Like Arrhenius, Callendar was both right and wrong. Between 1900 and 1930 the Earth’s temperature had been rising while carbon dioxide levels rose around 3 parts per million/decade. However, the concurrence of these variables was not proof of their causal relationship as after the second world war, between 1940 and 1970, the Earth’s temperature fell while carbon dioxide levels rose around 6 parts per million/decade; twice the earlier rate. Furthermore, in the early 1960s, just before Callendar’s death in 1964, England endured the coldest winters since the early 1700s. So even though carbon dioxide levels were rising at twice the rate than in the early 1900s there was cooling, not warming. Indeed, if Callendar had conducted his research between 1970 and 2000 instead of between 1900 and 1930, he would have come to the same false conclusion; this was another warming period when temperature and carbon dioxide levels went up in tandem. Callendar, for all his brilliance, had overstated the warming role of rising carbon dioxide levels in the Earth’s climate system.

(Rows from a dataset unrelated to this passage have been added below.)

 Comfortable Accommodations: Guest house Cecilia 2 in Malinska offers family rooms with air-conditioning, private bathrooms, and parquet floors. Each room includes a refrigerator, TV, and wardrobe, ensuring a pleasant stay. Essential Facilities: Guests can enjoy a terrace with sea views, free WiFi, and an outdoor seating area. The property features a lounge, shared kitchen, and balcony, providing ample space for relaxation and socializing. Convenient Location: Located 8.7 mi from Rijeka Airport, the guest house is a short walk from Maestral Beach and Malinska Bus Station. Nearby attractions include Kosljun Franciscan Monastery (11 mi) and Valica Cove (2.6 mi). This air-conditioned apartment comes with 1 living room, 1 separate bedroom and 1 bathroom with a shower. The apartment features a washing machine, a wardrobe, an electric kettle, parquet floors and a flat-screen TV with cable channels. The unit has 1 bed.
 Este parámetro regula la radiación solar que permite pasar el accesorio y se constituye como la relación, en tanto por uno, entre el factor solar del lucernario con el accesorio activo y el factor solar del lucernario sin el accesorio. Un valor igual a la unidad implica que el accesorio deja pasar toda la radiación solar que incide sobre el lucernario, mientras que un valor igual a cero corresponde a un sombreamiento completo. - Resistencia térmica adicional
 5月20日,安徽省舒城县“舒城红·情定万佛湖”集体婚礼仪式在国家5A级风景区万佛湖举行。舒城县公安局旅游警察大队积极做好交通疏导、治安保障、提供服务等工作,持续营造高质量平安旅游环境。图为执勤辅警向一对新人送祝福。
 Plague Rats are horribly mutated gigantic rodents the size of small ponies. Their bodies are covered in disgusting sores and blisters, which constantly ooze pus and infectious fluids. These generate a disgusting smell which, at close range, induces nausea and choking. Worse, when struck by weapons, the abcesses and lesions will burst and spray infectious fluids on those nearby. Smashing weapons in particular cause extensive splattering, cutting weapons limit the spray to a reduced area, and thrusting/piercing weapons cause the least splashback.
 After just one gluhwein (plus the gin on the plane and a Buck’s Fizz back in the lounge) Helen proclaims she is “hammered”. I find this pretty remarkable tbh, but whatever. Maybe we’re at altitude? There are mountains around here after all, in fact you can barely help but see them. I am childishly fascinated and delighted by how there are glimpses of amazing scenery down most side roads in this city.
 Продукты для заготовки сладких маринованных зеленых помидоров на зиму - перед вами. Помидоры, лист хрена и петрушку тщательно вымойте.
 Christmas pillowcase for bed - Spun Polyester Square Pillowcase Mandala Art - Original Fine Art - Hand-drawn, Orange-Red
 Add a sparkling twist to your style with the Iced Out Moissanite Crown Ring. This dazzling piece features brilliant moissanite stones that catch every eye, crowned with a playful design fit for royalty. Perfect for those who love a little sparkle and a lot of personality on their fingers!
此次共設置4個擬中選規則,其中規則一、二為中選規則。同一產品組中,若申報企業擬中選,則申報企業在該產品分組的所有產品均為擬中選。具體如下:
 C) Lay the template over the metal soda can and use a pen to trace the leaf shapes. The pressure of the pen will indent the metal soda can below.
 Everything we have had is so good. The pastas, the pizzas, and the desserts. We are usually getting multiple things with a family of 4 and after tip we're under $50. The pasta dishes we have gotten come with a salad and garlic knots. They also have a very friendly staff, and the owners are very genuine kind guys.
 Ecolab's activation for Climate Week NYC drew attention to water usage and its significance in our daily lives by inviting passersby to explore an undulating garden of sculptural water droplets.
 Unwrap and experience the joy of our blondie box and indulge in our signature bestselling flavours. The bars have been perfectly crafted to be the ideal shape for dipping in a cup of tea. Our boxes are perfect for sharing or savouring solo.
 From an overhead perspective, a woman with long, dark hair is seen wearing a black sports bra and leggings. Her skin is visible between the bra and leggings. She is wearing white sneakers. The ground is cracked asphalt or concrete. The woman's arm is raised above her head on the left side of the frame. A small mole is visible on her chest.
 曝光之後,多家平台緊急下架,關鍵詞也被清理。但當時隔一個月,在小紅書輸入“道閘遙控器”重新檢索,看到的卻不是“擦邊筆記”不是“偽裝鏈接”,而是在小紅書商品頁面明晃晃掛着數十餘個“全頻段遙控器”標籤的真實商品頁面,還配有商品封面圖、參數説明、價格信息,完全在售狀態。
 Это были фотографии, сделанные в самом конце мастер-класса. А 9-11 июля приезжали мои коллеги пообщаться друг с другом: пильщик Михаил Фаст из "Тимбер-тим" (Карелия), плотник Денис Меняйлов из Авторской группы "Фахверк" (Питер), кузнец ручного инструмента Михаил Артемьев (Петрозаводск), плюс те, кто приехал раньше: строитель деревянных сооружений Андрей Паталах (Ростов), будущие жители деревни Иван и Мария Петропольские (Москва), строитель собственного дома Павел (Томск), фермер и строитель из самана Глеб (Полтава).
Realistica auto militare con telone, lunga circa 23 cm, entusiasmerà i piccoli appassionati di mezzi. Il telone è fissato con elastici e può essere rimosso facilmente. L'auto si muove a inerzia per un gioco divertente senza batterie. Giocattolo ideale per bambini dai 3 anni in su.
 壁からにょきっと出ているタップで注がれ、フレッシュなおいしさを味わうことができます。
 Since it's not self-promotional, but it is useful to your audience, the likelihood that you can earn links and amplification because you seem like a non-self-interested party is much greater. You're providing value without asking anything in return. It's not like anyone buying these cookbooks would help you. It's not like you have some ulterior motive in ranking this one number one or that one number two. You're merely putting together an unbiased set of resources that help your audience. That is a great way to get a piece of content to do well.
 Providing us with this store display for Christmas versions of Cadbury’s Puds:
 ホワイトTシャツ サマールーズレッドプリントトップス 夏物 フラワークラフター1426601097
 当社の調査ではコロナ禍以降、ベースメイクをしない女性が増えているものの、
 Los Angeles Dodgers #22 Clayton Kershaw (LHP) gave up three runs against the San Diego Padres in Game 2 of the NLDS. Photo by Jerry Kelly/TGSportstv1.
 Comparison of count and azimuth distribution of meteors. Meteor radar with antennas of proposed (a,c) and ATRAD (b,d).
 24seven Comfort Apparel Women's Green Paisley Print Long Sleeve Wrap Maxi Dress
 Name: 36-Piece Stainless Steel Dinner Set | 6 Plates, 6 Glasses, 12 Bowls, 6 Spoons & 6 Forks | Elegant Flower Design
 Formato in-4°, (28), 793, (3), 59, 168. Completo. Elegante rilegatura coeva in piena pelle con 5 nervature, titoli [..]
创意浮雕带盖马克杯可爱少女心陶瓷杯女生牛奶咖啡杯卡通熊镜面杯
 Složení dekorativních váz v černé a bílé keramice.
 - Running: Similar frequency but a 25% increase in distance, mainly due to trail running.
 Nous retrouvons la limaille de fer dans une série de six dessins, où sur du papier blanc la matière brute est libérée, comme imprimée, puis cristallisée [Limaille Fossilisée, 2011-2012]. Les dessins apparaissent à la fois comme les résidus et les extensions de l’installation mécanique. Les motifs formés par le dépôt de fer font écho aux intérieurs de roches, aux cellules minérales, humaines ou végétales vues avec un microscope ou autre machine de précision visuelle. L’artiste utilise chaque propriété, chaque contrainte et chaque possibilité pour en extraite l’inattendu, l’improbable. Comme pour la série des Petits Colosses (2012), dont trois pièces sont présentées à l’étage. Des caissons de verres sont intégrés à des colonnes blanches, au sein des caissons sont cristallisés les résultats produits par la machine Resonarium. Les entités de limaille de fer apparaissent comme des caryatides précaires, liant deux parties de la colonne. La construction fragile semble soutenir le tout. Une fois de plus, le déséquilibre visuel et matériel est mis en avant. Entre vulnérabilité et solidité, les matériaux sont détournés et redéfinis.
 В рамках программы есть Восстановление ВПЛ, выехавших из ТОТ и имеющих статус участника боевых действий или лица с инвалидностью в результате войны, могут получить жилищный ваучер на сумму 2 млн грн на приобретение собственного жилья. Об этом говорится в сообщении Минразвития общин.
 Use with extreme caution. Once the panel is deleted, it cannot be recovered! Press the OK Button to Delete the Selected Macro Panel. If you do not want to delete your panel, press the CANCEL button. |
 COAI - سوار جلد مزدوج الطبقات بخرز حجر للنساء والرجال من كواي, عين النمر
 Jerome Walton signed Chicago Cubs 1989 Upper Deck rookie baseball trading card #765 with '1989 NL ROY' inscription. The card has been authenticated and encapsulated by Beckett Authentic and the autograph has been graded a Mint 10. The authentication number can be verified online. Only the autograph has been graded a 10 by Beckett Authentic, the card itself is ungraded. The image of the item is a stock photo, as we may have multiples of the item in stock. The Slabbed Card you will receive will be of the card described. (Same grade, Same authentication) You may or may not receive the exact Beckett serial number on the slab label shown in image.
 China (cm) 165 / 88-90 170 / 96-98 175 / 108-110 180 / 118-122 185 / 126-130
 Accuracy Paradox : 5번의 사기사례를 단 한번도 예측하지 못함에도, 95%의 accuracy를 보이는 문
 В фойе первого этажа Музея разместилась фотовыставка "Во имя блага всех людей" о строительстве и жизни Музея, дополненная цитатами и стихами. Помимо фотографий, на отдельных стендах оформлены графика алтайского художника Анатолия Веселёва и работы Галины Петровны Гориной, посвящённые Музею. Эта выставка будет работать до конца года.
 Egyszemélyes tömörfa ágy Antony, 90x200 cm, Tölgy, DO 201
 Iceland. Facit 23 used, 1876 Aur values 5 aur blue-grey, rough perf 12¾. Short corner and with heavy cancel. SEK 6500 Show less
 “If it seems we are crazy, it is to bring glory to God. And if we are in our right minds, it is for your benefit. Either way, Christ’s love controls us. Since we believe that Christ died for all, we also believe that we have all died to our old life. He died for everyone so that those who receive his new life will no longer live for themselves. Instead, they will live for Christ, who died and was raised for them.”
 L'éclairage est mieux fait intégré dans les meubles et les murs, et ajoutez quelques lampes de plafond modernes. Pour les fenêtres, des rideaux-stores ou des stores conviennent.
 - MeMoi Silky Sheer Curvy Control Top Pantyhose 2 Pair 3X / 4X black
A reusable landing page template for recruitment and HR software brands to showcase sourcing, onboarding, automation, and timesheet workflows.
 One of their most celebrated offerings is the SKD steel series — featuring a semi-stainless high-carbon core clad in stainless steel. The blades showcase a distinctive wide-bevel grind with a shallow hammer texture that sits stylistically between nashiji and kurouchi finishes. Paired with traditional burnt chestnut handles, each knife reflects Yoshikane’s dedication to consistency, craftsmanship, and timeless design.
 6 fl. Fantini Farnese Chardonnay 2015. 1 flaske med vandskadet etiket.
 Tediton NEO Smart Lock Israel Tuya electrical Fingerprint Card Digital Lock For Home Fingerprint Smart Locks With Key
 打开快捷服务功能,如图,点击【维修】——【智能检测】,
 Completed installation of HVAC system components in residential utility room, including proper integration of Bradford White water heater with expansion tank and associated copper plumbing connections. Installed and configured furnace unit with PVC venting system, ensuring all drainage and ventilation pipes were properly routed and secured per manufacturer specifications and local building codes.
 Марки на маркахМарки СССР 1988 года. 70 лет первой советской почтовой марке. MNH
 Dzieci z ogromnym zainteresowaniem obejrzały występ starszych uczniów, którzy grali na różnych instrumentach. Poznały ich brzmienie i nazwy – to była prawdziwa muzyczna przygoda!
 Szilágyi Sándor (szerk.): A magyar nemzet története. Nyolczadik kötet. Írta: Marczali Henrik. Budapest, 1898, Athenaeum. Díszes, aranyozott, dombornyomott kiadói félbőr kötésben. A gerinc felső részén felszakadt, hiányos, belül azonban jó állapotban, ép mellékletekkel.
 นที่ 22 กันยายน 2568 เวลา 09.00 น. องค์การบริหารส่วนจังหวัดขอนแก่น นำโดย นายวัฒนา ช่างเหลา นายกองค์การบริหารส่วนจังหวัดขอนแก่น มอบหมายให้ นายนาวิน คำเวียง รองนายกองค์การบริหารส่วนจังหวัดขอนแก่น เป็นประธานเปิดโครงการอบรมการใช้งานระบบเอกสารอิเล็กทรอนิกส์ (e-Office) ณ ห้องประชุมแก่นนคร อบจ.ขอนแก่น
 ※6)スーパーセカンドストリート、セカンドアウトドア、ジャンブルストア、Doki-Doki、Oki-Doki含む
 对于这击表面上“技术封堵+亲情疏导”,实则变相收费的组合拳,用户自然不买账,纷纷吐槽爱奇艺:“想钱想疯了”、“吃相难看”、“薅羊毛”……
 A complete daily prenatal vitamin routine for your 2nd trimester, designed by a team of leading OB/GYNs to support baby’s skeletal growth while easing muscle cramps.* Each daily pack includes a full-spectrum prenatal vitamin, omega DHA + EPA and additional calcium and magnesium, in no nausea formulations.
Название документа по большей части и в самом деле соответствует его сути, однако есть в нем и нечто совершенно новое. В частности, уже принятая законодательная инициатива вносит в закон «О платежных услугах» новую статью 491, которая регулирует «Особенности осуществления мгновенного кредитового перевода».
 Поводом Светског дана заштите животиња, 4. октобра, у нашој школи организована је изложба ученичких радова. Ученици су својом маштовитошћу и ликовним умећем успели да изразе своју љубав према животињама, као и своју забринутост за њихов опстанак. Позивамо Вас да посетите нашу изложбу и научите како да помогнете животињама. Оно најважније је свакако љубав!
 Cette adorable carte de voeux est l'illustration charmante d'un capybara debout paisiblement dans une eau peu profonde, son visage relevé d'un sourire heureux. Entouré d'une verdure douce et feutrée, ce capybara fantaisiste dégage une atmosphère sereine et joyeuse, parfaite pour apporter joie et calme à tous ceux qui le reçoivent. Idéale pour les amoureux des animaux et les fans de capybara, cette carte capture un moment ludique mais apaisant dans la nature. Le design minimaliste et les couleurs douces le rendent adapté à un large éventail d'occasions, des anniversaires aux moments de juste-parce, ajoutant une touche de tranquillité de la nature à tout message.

Today we need to be wary of another ‘carbon dioxide trap’ that is still loaded. It was set by the US Academy of Science in 1979 when it examined computer models and the computer estimates of global warming if carbon dioxide levels doubled. The Academy’s estimate was a range between 1.5oC and 4.5oC and was called the Equilibrium Climate Sensitivity Index (ECS). The Academy had examined the only computer climate models available. These had been developed by Sykuro Manabe and the climate catastrophist, James Hansen.
Forty years have passed since that Academy meeting. It is now easy to check the temperature trends predicted by any number of these computer climate models against actual changes in the Earth’s temperature. Using his models Hansen had forecasted New York to be flooded due to global warming causing a rise in sea level by 2018! The failure of Hansen’s models was damning enough, but over the last 40 years computer models have continually overpredicted global warming. The US Academy’s range of a rise of 1.5 degrees C – 4.5 degrees C, if carbon dioxide levels double, still underlies the models used in the major reports of the Intergovernmental Panel on Climate Change (IPCC –1990, 1995, 2001, 2014). An urgent downgrading of the Equilibrium Climate Sensitivity Index is overdue.
It is not unfair to say that most computer climate models are still on steroids and that the general public and media are being misled. The parameters of climate science are still set by computer programmes that exaggerate the warming role of rising CO2 levels in the Earth’s climate system. Such over-calculation adds fuel to the arguments of catastrophists and environmentalists who predict a fiery Armageddon and who want to quickly phase out fossil fuels before adequate and economically effective alternative energy solutions are developed.